> _Data provided_
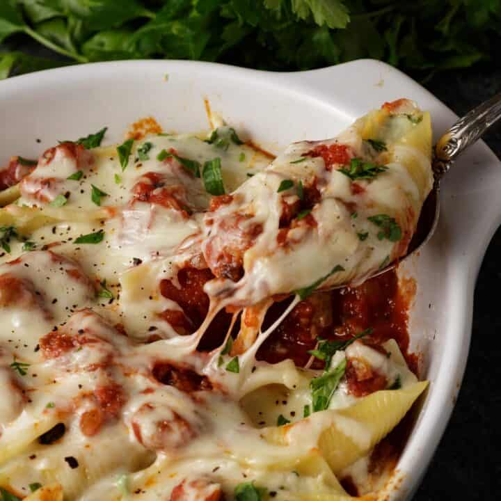 Stuffed Shells with Spinach and Ricotta in Meat Sauce
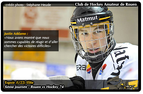 Décisif le week-end dernier en Division 2 avec deux buts (lire par ailleurs), particulièrement actif dans la victoire des U18A ce samedi face à Villard-de-Lans (lire par ailleurs), Justin Addamo aura marqué à nouveau de son empreinte le match U22 de ce dimanche en étant impliqué dans les trois buts rouennais lors de la victoire en prolongation 3-2 face à Hockey 74.
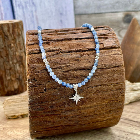 Collier perles femme NORTH LUST – perles de cyanite facettée & pendentif étoile du Nord pavée de zircons en argent 925
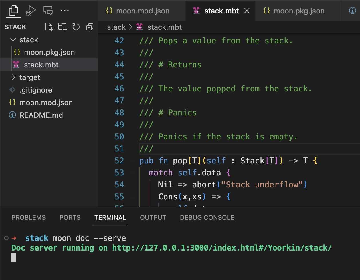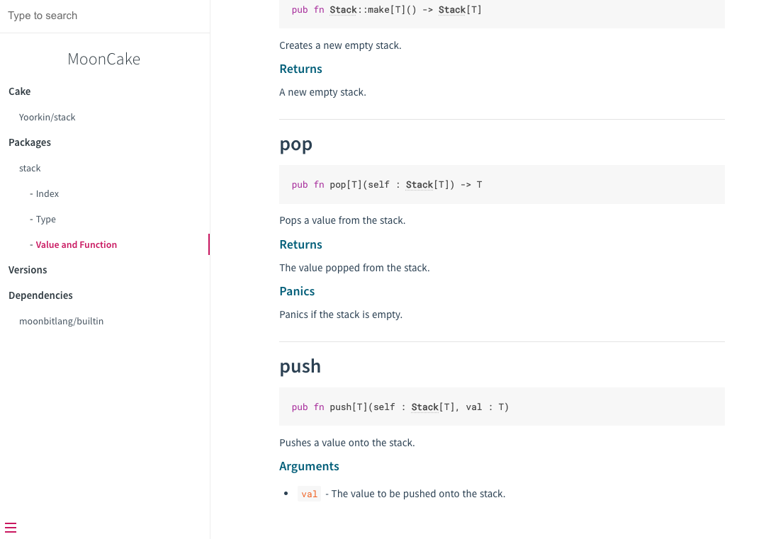 添加 moon doc 命令,用于生成和预览文档。moon doc --serve会根据代码中的markdown注释生成文档,并在本地启动网页服务器。访问输出的链接即可查看效果。

> _Exercise directions_
Exactly as written, copy out the listing, but without any pictures.

> _Written solution_
 Stuffed Shells with Spinach and Ricotta in Meat Sauce
 Décisif le week-end dernier en Division 2 avec deux buts (lire par ailleurs), particulièrement actif dans la victoire des U18A ce samedi face à Villard-de-Lans (lire par ailleurs), Justin Addamo aura marqué à nouveau de son empreinte le match U22 de ce dimanche en étant impliqué dans les trois buts rouennais lors de la victoire en prolongation 3-2 face à Hockey 74.
 Collier perles femme NORTH LUST – perles de cyanite facettée & pendentif étoile du Nord pavée de zircons en argent 925
 添加 moon doc 命令,用于生成和预览文档。moon doc --serve会根据代码中的markdown注释生成文档,并在本地启动网页服务器。访问输出的链接即可查看效果。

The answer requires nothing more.